JUDICIAL ARROGANCE - SUPREME COURT
United States Supreme Court
Roe v. Wade Decision
Justice Byron White's Dissent
In his dissenting opinion in Roe vs. Wade,
Justice Byron White writes, “At the heart of the controversy in these cases are
those recurring pregnancies that pose no danger whatsoever to the life or health
of the mother but are, nevertheless, unwanted for any one of one or more of a
variety or reasons—convenience, family planning, economics, dislike of children,
the embarrassment of illegitimacy, etc. The common claim before us is that, for
any one of such reasons, or for no reason, at all, and without asserting or
claiming any threat to life or health, any woman is entitled to an abortion at
her request if she is able to find a medical advisor willing to undertake the
procedure. The Court, for the most part, sustains this position: during the
period prior to the time the fetus becomes viable, the Constitution of the
United States values the convenience, whim, or caprice of the putative mother
more than the life or potential life of the fetus; the Constitution, therefore,
guarantees the right to an abortion as against any state law or policy seeking
to protect the fetus from an abortion not prompted by more compelling reasons of
the mother. With all due respect, I dissent. I find nothing in the language or
history of the Constitution to support the Court’s judgment. The Court simply
fashions and announces a new constitutional right for pregnant mothers [410 U.S.
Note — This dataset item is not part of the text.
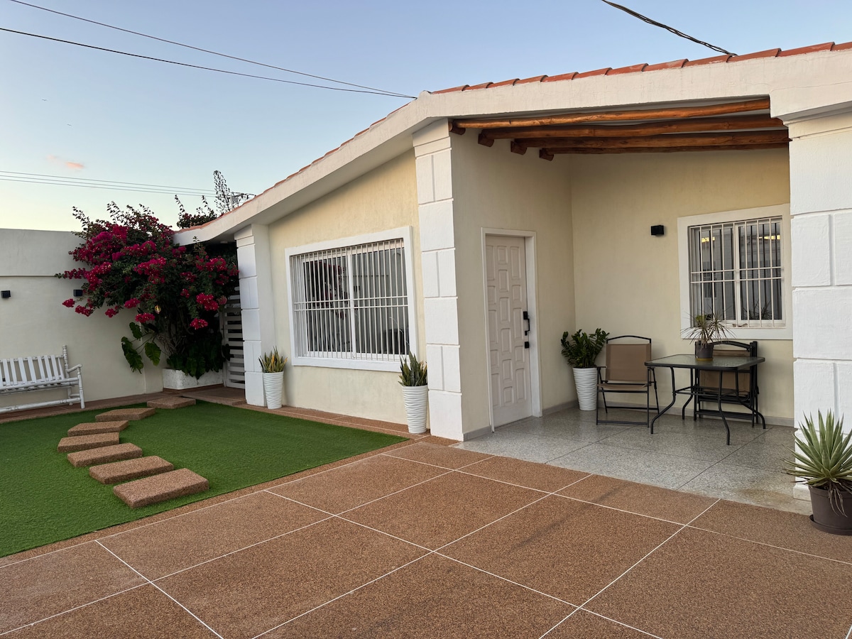 Acogedora e independiente casa, ideal para corta o larga estadía de 3 habitaciones, 3 baños , A/A en todos los espacios, wifi, área de entretenimiento/descanso/biblioteca, estacionamiento privado, tanque de agua, área de lavandería, cercado eléctrico y alarma, calentador de agua. La ubicación de la casa, da fácil acceso a panadería, farmacia, restaurantes, bodegón y estación de servicio. Cerca del PN Los Medanos. Cuenta con sistema completo de seguridad y privacidad.

222] and, with scarcely any reason or authority for its action, invests that
right with sufficient substance to override most existing state abortion
statutes. The upshot is that the people and the legislatures of the 50 States
are constitutionally dissentitled to weigh the relative importance of the
continued existence and development of the fetus, on the one hand, against a
spectrum of possible impacts on the mother, on the other hand. As an exercise
of raw judicial power, the Court perhaps has authority to do what it does today;
but, in my view, its judgment is an improvident and extravagant exercise of the
power of judicial review that the Constitution extends to this Court.”
The deceased Justice White, in his dissent in
Roe vs. Wade, speaks to the erroneous logic and false jurisprudence exercised by
seven of the nine members of the Supreme Court in 1973.